The global economy has essentially been on life support since the crash of 2008. Vital signs have become fairly stable and there have been occasional flickers on the EEG, but the only country that appears to having anything that would pass for a sustained recovery is China. It now appears that the lights are flickering in the ICU and the power is in danger of a blackout.
Greek Debt Woes Ripple Outward, From Asia to U.S.
The fear that began in Athens, raced through Europe, and finally shook the stock market in the United States is now affecting the broader global economy, from the ability of Asian corporations to raise money to the outlook for money-market funds where American savers park their cash.
What was once a local worry about the debt burden of one of Europe’s smallest economies has quickly gone global. Already, jittery investors have forced Brazil to scale back bond sales as interest rates soared and caused currencies in Asia like the Korean won to weaken. Ten companies around the world that had planned to issue stock delayed their offerings, the most in a single week since October 2008.
The increased global anxiety threatens to slow the recovery in the United States, where job growth has finally picked up after the deepest recession since the Great Depression. It could also inhibit consumer spending as stock portfolios shrink and loans are harder to come by.
I have written several diaries about the way in which the pressures of the recession are bringing the structural flaws of the European Monetary Union into bold focus. The pressures on bond yields have been spreading from Greece which has been in the headlines, to neighboring countries.
Now the UK finds itself in a state of political limbo. The state of the country's shaky finances was one of the major issues in the inconclusive election. Britain has a debt to GDP ratio almost equal to that of Greece. Now they have no party with the power to govern. Even if some coalition is cobbled together, it is not expected to be stable. This situation is placing great pressure on its bond yields.
The leaders of the EU are huddled in marathon meetings over the weekend in an effort to craft some arrangements that will quiet the markets on Monday morning. The fact that key leaders such as Merkel and Sarkozy (I prefer Snarkozy) are putting great effort into trying to paint a picture of the forces of virtue and valor in a battle to the death with evil speculators gives one a feeling that it will likely be more noise than substance.
The New York Stock Exchange has been in decline all week. Nobody yet has figured out what the big plunge on Thursday was really about. Even without that, it is definitely not a possitive picture.
One thing was very clear during the crash of 2008. The economies of the world have become fully globalized and intertwined. A crisis in one place can and likely will cause immediate impacts everywhere else. Something like that seems to be happening in the present situation.
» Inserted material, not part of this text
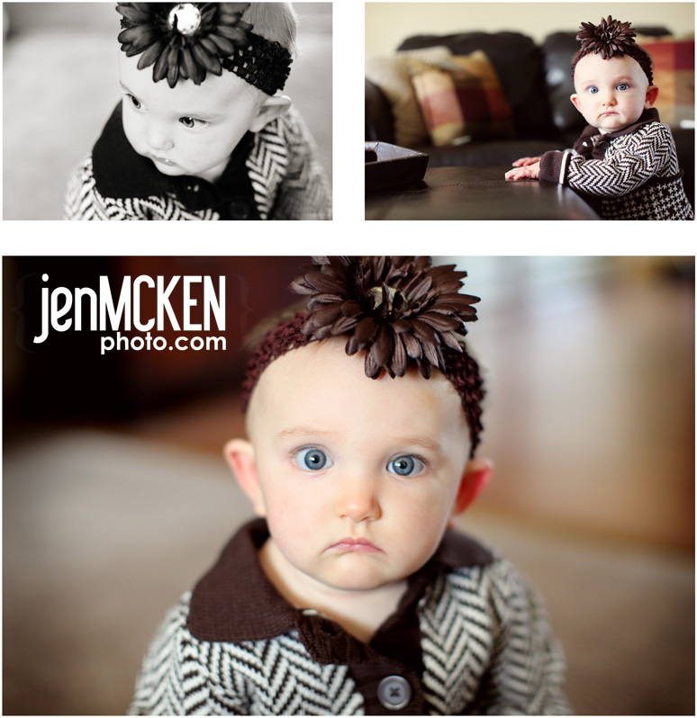 Never mind her cute headband–or her cute dress….look at her eyes!! Livia is 8 months old and after some “not so great” experiences with other chain photography studios, Mom wanted to pull out all the stops to have their family photos. I love the little facial expressions she made throughout the shoot…sassy little one she is!! 🙂

The Euro Zone problems, the UK elections, the oil leek in the gulf are all things that would likely create some real problems in the country where they are happening. However, they are all happening at the same time in a world economy that is still very shaky on its feet.
It's an upheaval. Will it turn into a really major upheaval? It's too soon to tell. However, it is enough to make a lot of people nervous. Monday morning should be interesting.